Jaspal Atwal was photographed with Justin Trudeau's wife, Sophie in Mumbai.


New Delhi: 

Highlights

  1. India trying to figure how its officials ended up giving a visa
  2. Jaspal Atwal not on blacklist to ban people from entering India
  3. The list has been heavily pruned on several occasions
Jaspal Atwal, whose presence at an event attended by Canadian Prime Minister Justin Trudeau became a huge embarrassment for the visiting delegation, was not on the Home Ministry's much-pruned blacklist of individuals banned from entering the country.

Canada has described the invitation to Jaspal Atwal an oversight by its officials. But New Delhi says it is still trying to figure how its officials ended up giving a visa to the man convicted for trying to kill the then Punjab Minister Malkiat Singh Sidhu in 1986.

The Home Ministry, which maintains a secret list of blacklisted individuals, says Jaspal Atwal wasn't on this list for Indian-origin foreigners from Punjab, according to news agency IANS.

But it is trying to confirm when he got off the list.

The list has been heavily pruned on several occasions, sometimes on directions of the human rights watchdog and at others, under pressure from Punjab's political parties who want the centre to take a lenient view of people who may have once sympathised with a pro-Khalistan sentiment.

PM Modi's office too had pushed for pruning the list back in 2015 after his first visit to Canada. In 2016, his government told parliament that it had removed 225 names from this blacklist under a review triggered by a request from then Punjab Chief Minister Parkash Singh Badal.

It wasn't such a bad idea, suggested Vishnu Prakash, the former high commissioner to Canada, pointing that people had gotten into this list because they may have issued statements when the separatist Khalistan movement was its peak back in the eighties.

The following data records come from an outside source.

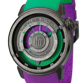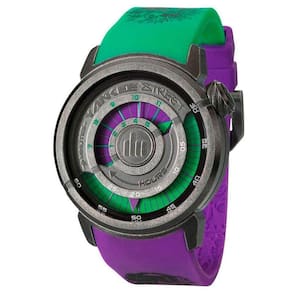 Relógio Yankee Street Masculino YS30158G. Possui mecanismo Analógico, pulseira na cor roxa e verde, fabricado em silicone, e possui fecho fivela, vidro fabricado em cristal mineral e visor cinza-grafite. A caixa na cor cinza-grafite (peça onde fica o mostrador) é fabricada em aço, medindo 4,7 cm de diâmetro e 1,3 cm de espessura, no formato redondo. O Relógio Yankee Street tem nível de resistência à água especificado em 100m/10atm.
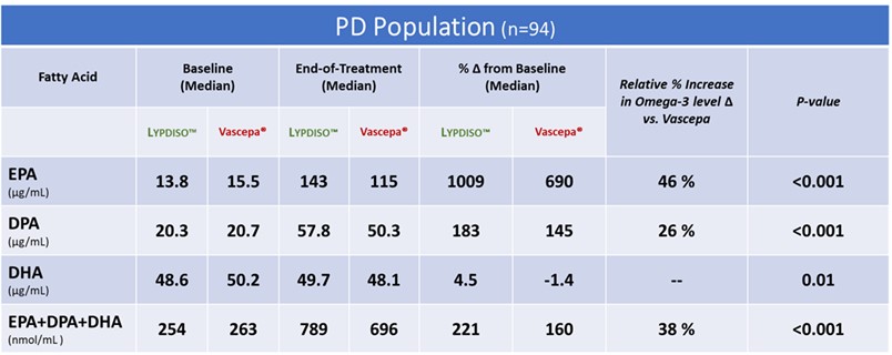 Blood fatty acids levels increased with both LYPDISO™ and Vascepa®, with similar findings in both the PD and the PP populations. In the PD population the change in fatty acid level with LYPDISO™ was 46% greater for EPA, 26% greater for DPA, and 38% greater for total omega-3 levels than with Vascepa® – all highly statistically significant. DHA levels did not change meaningfully with either therapy but increased slightly with LYPDISO™.
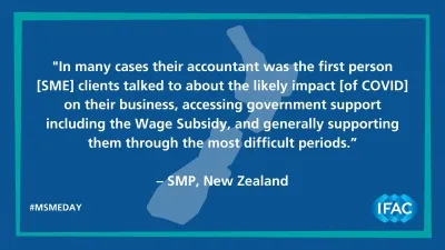 قال محاسب أسترالي: "كان المحاسبون المهنيون كمستشارين موثوقين هم أول الأشخاص الذين لجأ إليهم أصحاب الأعمال للمساعدة في وضع إستراتيجية من شأنها أن تمكنهم من العمل أثناء الوباء". في حين أن الآثار الدائمة للوباء على الشركات الصغيرة لن تكون مفهومة تمامًا لسنوات قادمة، كشف المشاركون عن إجماع دولي قوي بين SMPs على أن الوباء قد عزز هذه الديناميكية فقط.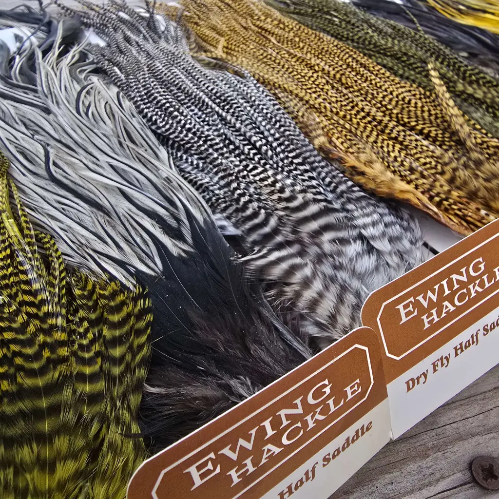 Ewing saddles are well regarded by fly tiers for their durability, natural sheen, and ease of use, allowing you to wrap clean, balanced hackles every time. A reliable choice for tiers looking for quality hackle for medium-sized dry flies.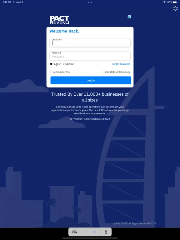 This application is used for accessing modules / features of ERP [Accounting, inventory, HRM, CRM] that are exposed from our product PACT, which is a ERP solution hosted in customer premises.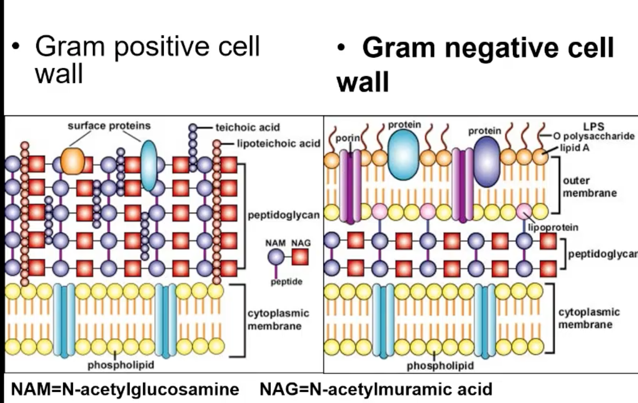Gram negative: Have a cytoplasmic membrane and a lipopolysaccharacide membrane with a peptidoglycan layer between them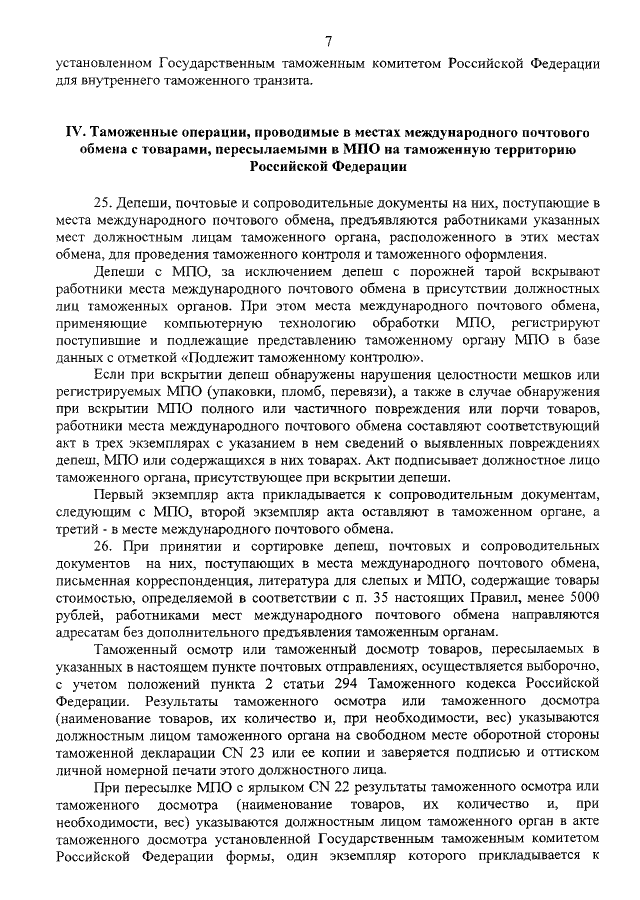 "ОБ УТВЕРЖДЕНИИ ПРАВИЛ ТАМОЖЕННОГО ОФОРМЛЕНИЯ И ТАМОЖЕННОГО КОНТРОЛЯ ТОВАРОВ, ПЕРЕСЫЛАЕМЫХ ЧЕРЕЗ ТАМОЖЕННУЮ ГРАНИЦУ РОССИЙСКОЙ ФЕДЕРАЦИИ В МЕЖДУНАРОДНЫХ ПОЧТОВЫХ ОТПРАВЛЕНИЯХ"

But Vishnu Prakash underlined that people known to have indulged in terrorism weren't meant to get off this blacklist.

The existence of the blacklist, often also called the negative list by the Home Ministry, that had been created in the late eighties is said to have become public only in the nineties when many Sikhs, found their visa requests repeatedly rejected.

As the pressure to review the list grew, the Atal Behari Vajpayee government slashed the list from a high of 489 names in 1998 to 134 people in 2003.

Over the next few years, the list got longer again leading to renewed demands for a review.
In 2011, some 170 more names were removed again.

Officials have suggested that the exercise to ascertain when Jaspal Atwal's name was removed from the blacklist, if he was ever in this list, could lead security agencies to add more names to this list.